The ASR pipeline can be de-composed into 3 stages:

1. The feature extractor which pre-processes the raw audio-inputs to log-mel spectrograms
2. The model which performs the sequence-to-sequence mapping
3. The tokenizer which post-processes the predicted tokens to text

In [40]:
from transformers.models.whisper.tokenization_whisper import TO_LANGUAGE_CODE

TO_LANGUAGE_CODE

{'english': 'en',
 'chinese': 'zh',
 'german': 'de',
 'spanish': 'es',
 'russian': 'ru',
 'korean': 'ko',
 'french': 'fr',
 'japanese': 'ja',
 'portuguese': 'pt',
 'turkish': 'tr',
 'polish': 'pl',
 'catalan': 'ca',
 'dutch': 'nl',
 'arabic': 'ar',
 'swedish': 'sv',
 'italian': 'it',
 'indonesian': 'id',
 'hindi': 'hi',
 'finnish': 'fi',
 'vietnamese': 'vi',
 'hebrew': 'he',
 'ukrainian': 'uk',
 'greek': 'el',
 'malay': 'ms',
 'czech': 'cs',
 'romanian': 'ro',
 'danish': 'da',
 'hungarian': 'hu',
 'tamil': 'ta',
 'norwegian': 'no',
 'thai': 'th',
 'urdu': 'ur',
 'croatian': 'hr',
 'bulgarian': 'bg',
 'lithuanian': 'lt',
 'latin': 'la',
 'maori': 'mi',
 'malayalam': 'ml',
 'welsh': 'cy',
 'slovak': 'sk',
 'telugu': 'te',
 'persian': 'fa',
 'latvian': 'lv',
 'bengali': 'bn',
 'serbian': 'sr',
 'azerbaijani': 'az',
 'slovenian': 'sl',
 'kannada': 'kn',
 'estonian': 'et',
 'macedonian': 'mk',
 'breton': 'br',
 'basque': 'eu',
 'icelandic': 'is',
 'armenian': 'hy',
 'nepali': 'ne',
 'mongol

In [41]:
from transformers import WhisperProcessor

processor = WhisperProcessor.from_pretrained(
    "openai/whisper-small", language="sinhalese", task="transcribe"
)

## Pre-process the Data

In [42]:
common_voice["train"].features

{'client_id': Value(dtype='string', id=None),
 'path': Value(dtype='string', id=None),
 'audio': Audio(sampling_rate=48000, mono=True, decode=True, id=None),
 'sentence': Value(dtype='string', id=None),
 'up_votes': Value(dtype='int64', id=None),
 'down_votes': Value(dtype='int64', id=None),
 'age': Value(dtype='string', id=None),
 'gender': Value(dtype='string', id=None),
 'accent': Value(dtype='string', id=None),
 'locale': Value(dtype='string', id=None),
 'segment': Value(dtype='string', id=None),
 'variant': Value(dtype='string', id=None)}

Since our input audio is sampled at 48kHz, we need to *downsample* it to 16kHz prior to passing it to the Whisper feature extractor, 16kHz being the sampling rate expected by the Whisper model.

In [43]:
from datasets import Audio

sampling_rate = processor.feature_extractor.sampling_rate
common_voice = common_voice.cast_column("audio", Audio(sampling_rate=sampling_rate))

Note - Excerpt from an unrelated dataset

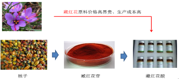 藏红花酸(Crocetin)又名西红花酸或番红花酸,为红色或暗红色晶体,是臧红花的主要有效成分之一,也存在于茜草科植物栀子果实。 藏红花酸具有多不饱和共轭烯酸结构,具有保护肝脏、抑制肿瘤、抗氧化、提高缺氧耐受力、改善视力等多种药理功能,属于医疗价值极高的药品、功能性食品及化妆品原料。藏红花中含有10%左右的藏红花酸,但藏红花原料(主产地伊朗)价格昂贵,而栀子果中含有0.5%左右的藏红花苷(可转化为藏红花酸),并且栀子果价格低廉,原料易得,在我国的种植规模大、分布广,以浙江、江西、湖南、福建、河南为主要产地;因此,栀子果成为产业化生产藏红花酸的首选原料。 中国科学院过程工程研究所植物资源与天然产物课题组自2005年开始对藏红花中功效成分进行研究,并利用栀子果开发了藏红花酸生产技术,经过多年的积累,建立了高色价栀子黄色素(≥600)生产工艺,解决了藏红花酸转化、纯化、稳定性和水溶性差等技术难题,成功规模化生产出高纯度的藏红花酸。 在河南省中国科学院科技成果转移转化项目及企业合作项目支持下,2016年开始与南阳泰瑞生物科技股份有限公司合作,2017年8月实现了工程放大及产业化生产,藏红花酸纯度达97.6%,降低了企业生产成本,提高了栀子的附加值,对于促进栀子产业发展具有重要意义。 (生物炼制工程研究部) |

Now we can write a function to prepare our data ready for the model:

1. We load and resample the audio data on a sample-by-sample basis by calling `sample["audio"]`. As explained above, `Datasets` performs any necessary resampling operations on the fly.
2. We use the feature extractor to compute the log-mel spectrogram input features from our 1-dimensional audio array.
3. We encode the transcriptions to label ids through the useof the tokenizer

In [44]:
def prepare_dataset(example):
  audio = example["audio"]

  example = processor(
      audio = audio["array"],
      sampling_rate = audio["sampling_rate"],
      text = example["sentence"]
  )

  # compute input length of audio sample in seconds
  example["input_length"] = len(audio["array"]) / audio["sampling_rate"]

  return example

We can apply the data preparation function to all of our training examples using `Datasets.map` method. We'll remove the columns from the raw training data (the audio and text), leaving just the columns returned by the `prepare_dataset` function:

In [45]:
common_voice = common_voice.map(
    prepare_dataset, remove_columns=common_voice.column_names["train"], num_proc=1
) # It might take too long times to apply the data preparation

Map:   0%|          | 0/2212 [00:00<?, ? examples/s]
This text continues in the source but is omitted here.